Once brilliantly honing the preparatory, Ivy-league panache, anyone who wore (and even more so still wears) this style watch can be subconsciously categorised into the “my dad’s a lawyer, so you can’t touch me” look. Unless you’re the Starfish from Nickelodeon’s greatest cartoon, SpongeBob Square Pants and have been living under a rock for the past decade; you’ll be well aware that I’m trying to describe the watches that are somehow, still favoured by today’s run-of-the-mill millennial.
It has become the man-bun of watch styles. Many wanted this look, but once every Tom, Dick and Harry started donning a man-bun the trend died. I don’t believe the minimalist watch died due to an augmentation in popularity, rather I hypothesised that it died due to the number of startups that have flooded the market with this style of watch. And why not, it really is the fast fashion of the horology world.

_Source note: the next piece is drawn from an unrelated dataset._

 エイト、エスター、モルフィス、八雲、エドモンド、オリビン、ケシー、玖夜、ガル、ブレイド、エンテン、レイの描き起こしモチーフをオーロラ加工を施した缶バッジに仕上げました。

From a business perspective, the minimal watch style is simple to design (copy), cheap to manufacture, aesthetically palatable and already popular – in a nutshell it’s easy money. All one has to do is create a Kickstarter page and an Instagram account, gift cheap product, share user/influencer-generated content, accumulate followers and bang, you’ve got profit (well, not really but you get the drift).
I need to emphasise the role of social media in this as well, namely Instagram as this is the primary form of advertising for the aforementioned startup watch companies. Ironically, going back five years, advertising on Instagram or social media platforms would have seemed like a ludicrous idea as it broke the traditional forms of advertising. Today, it’s still free and virtually every company has a social media account, with plenty going as far as dedicating employees solely to it.

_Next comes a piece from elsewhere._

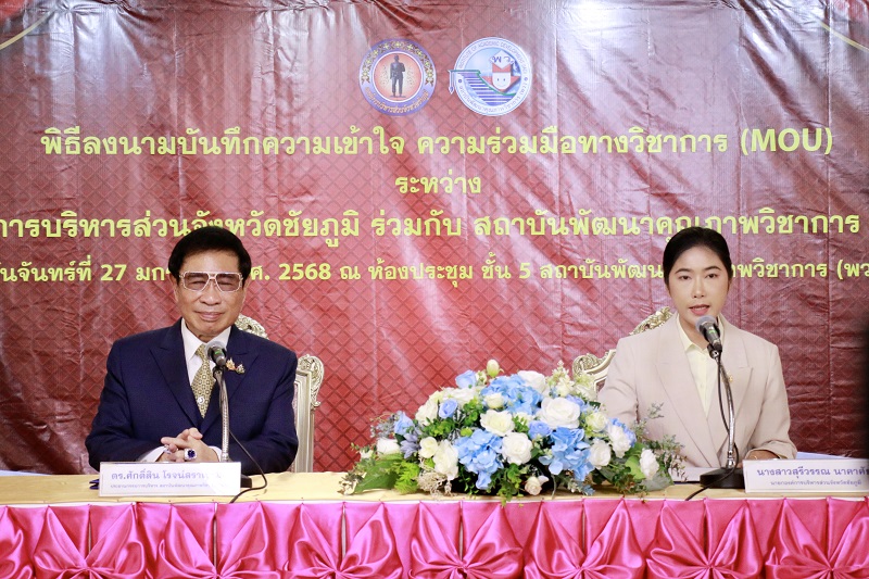 เมื่อวันจันทร์ที่ 27 มกราคม พ.ศ. 2568 เวลา 10.00-11.30 น. ณ ห้องประชุม ชั้น 5 อาคาร พว. ถนนนครไชยศรี แขวงถนนนครไชยศรี เขตดุสิต กรุงเทพมหานคร ได้มีพิธีลงนามบันทึกความเข้าใจ ความร่วมมือทางวิชาการ (MOU) ระหว่าง องค์การบริหารส่วนจังหวัดชัยภูมิ ร่วมกับ สถาบันพัฒนาคุณภาพวิชาการ (พว.) ประจำปีการศึกษา 2568-2570 โดยมีนางสาวสุรีวรรณ นาคาศัย นายกองค์การบริหารส่วนจังหวัดชัยภูมิ และ ดร.ศักดิ์สิน โรจน์สราญรมย์ ประธานกรรมการบริหาร สถาบันพัฒนาคุณภาพวิชาการ (พว.) ร่วมลงนาม การดำเนินงานตามข้อตกลงความร่วมมือนี้จะอยู่ในรูปแบบของการประสานงานความร่วมมือขององค์กรทั้งสองแห่งดังกล่าวข้างต้น โดยตระหนักถึงความสำคัญและประโยชน์ของการศึกษาที่มีการแลกเปลี่ยนเรียนรู้ซึ่งกันและกัน เมื่อวิเคราะห์ถึงด้านนโยบายด้านการศึกษาของรัฐบาล ที่จะดำเนินการปฏิรูปการศึกษาและสร้างสังคมแห่งการเรียนรู้ตลอดชีวิต อันเป็นจุดเน้นสำคัญที่มุ่งส่งเสริมให้เป็นคนดี มีวินัย ภูมิใจในชาติ รวมทั้งเสริมสร้างศักยภาพของผู้เรียนตามความถนัด ส่งเสริมการอ่าน เพื่อสร้างอนาคต สร้างรายได้ กระจายอำนาจการศึกษาให้ผู้เรียนได้เข้าถึงการเรียนรู้อย่างทั่วถึง มีสื่ออุปกรณ์การเรียนที่เหมาะสมต่อผู้เรียนแต่ละวัย และใช้ระบบเทคโนโลยีการศึกษาสมัยใหม่ในการพัฒนาหลักสูตร และให้คำแนะนำที่เหมาะสมกับความรู้ความสนใจของผู้เรียน ต่อยอดให้เกิดการพัฒนาองค์ความรู้ เทคโนโลยี และนวัตกรรม เพื่อให้มีความพร้อมต่อการเปลี่ยนแปลงทางเศรษฐกิจ สังคม และการเมืองของโลกสมัยใหม่

Pioneering this vehicle of advertising was Filip Tysander, a Swedish gentleman, whose inability to purchase a Rolex inspired him to invent a watch company of his own in 2011. Tysander opted for a business plan which placed Instagram at the forefront. Secondly, he departed from the watch trend of the time, which was chunky, cramped, and digital to embracing the style that is the motif of this article: clean and simple. Moreover, the watch was relatively cheap, retailing for approximately $350 AUD. This combination made it not only desirable on the global market but a desire that could be achieved by many.
Novel at the time (and Tysander was without a doubt in the right place at the right time in terms of Instagram’s generous algorithms), Daniel Wellington was valued at a staggering 180 million dollars in 2016, with bricks and mortar stores now lining Sydney’s QVB all the way to the Champs-Élysées.
As I stated earlier, the relative ease of the business plan and the not so hefty diminutive cost prices made it desirable to other entrepreneurs looking to set their mark on the market, and when other companies did model their businesses on Tysander’s original plan, the minimalist watch trend was inadvertently placed on a time bomb.
It only a matter of time before the market was flooded with numerous watch companies tendering similar if not near-identical products with different price ranges. This, as I argue, severely diminished the quality and the refreshing factor of the style. This is compounded by the fact that many minimal watch brands are essentially a copy of Daniel Wellington’s original design with the sole difference being the logo.
For instance, Cluse draws remarkably similar design comparisons to Daniel Wellington from the watch face to the watchstraps. Moreover, watch brands Kapten and Sons, Elmore Lewis, The Horse, The Fifth and countless other brands are in a similar boat with the analogous designs. The point is – as I’ve reiterated throughout – that the market has been flooded with extremely similar products to the degree that I believe the style has lost its flare and the refreshing attraction it once possessed.
To see someone still sporting a Daniel Wellington or similar is to observe a truly unoriginal soul, hanging onto a stale aesthetic, especially given how many great watches under $1000 exist and the quality of products coming from these affordable watch brands.